Following the release of the BatchClient to read / download large amounts of data, the sample project below has been updated to use the new batch client instead of the standard database client. The basic idea of the project is still the same: copying data to / from Cloud Spanner and any other database using standard jdbc functions.

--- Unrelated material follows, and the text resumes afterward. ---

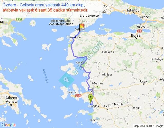 Özdere - Gelibolu arası yaklaşık olarak 90 km/h ile yukarıda belirtilen sürede olup, iki yerin kuş uçuşu uzaklığı (mesafesi) 267'dir. Eğer belirtilen yerler arasında uçak seferi var ise bu süre uçakla 24 dakika'ya kadar düşebilir. Yolculuk otobüsle 8 saat 33 dakika sürmektedir.
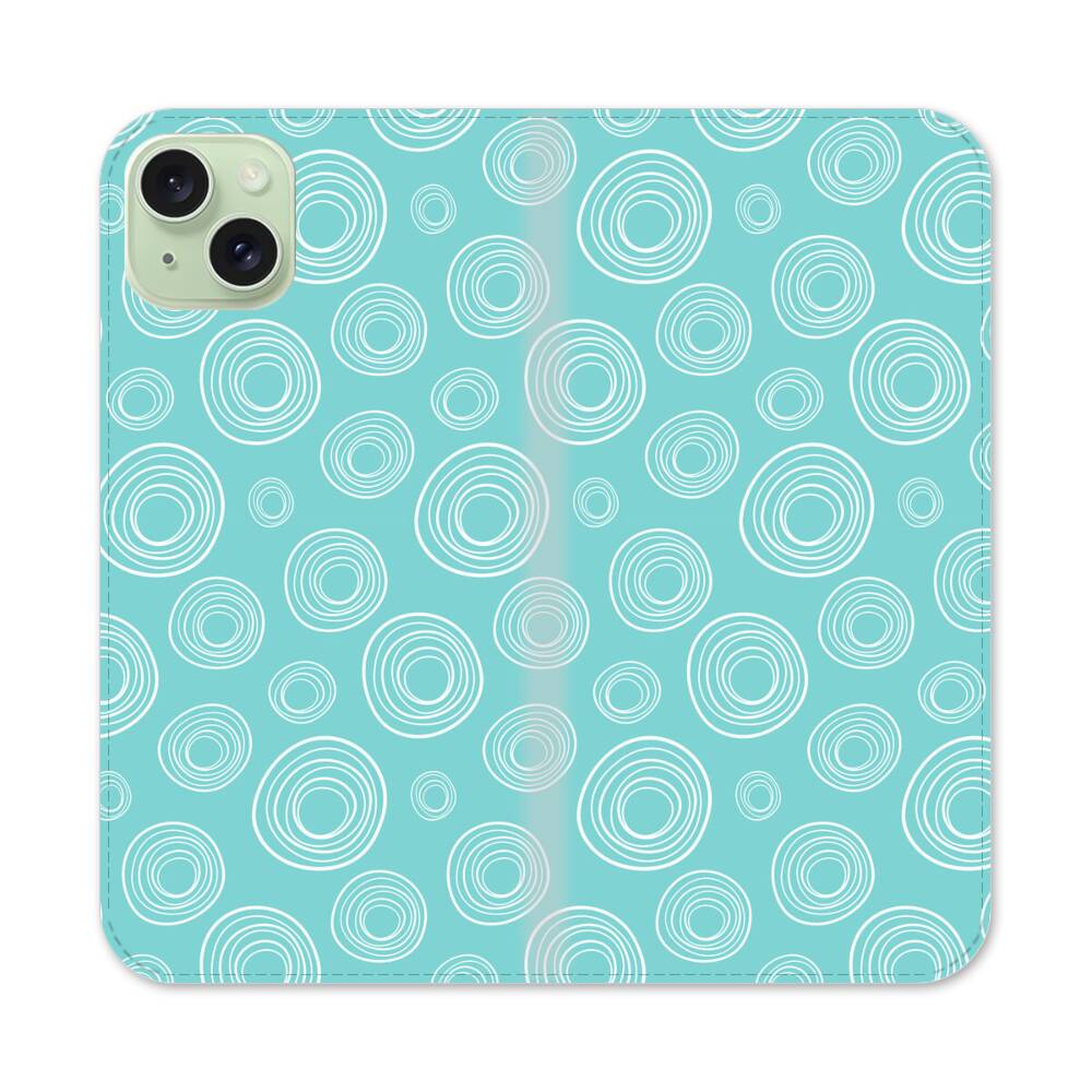 Hellblaue Kreise Apple iPhone 15 Plus Flip Case● Seitlich klappbar

The following code snippet establishes a jdbc connection in batch read mode:

if (source.isWrapperFor(ICloudSpannerConnection.class))
{
    ICloudSpannerConnection con = source.unwrap(ICloudSpannerConnection.class);
    // Make sure no transaction is running
    if (!con.isBatchReadOnly())
    {
        if (con.getAutoCommit())
        {
            con.setAutoCommit(false);
        }
        else
        {
            con.commit();
        }
        con.setBatchReadOnly(true);
    }
}

When the connection is in read-only mode, the connection will use the BatchClient from the Google Cloud Spanner instead of the default database client. When one of the methods is called, Statement#execute(String)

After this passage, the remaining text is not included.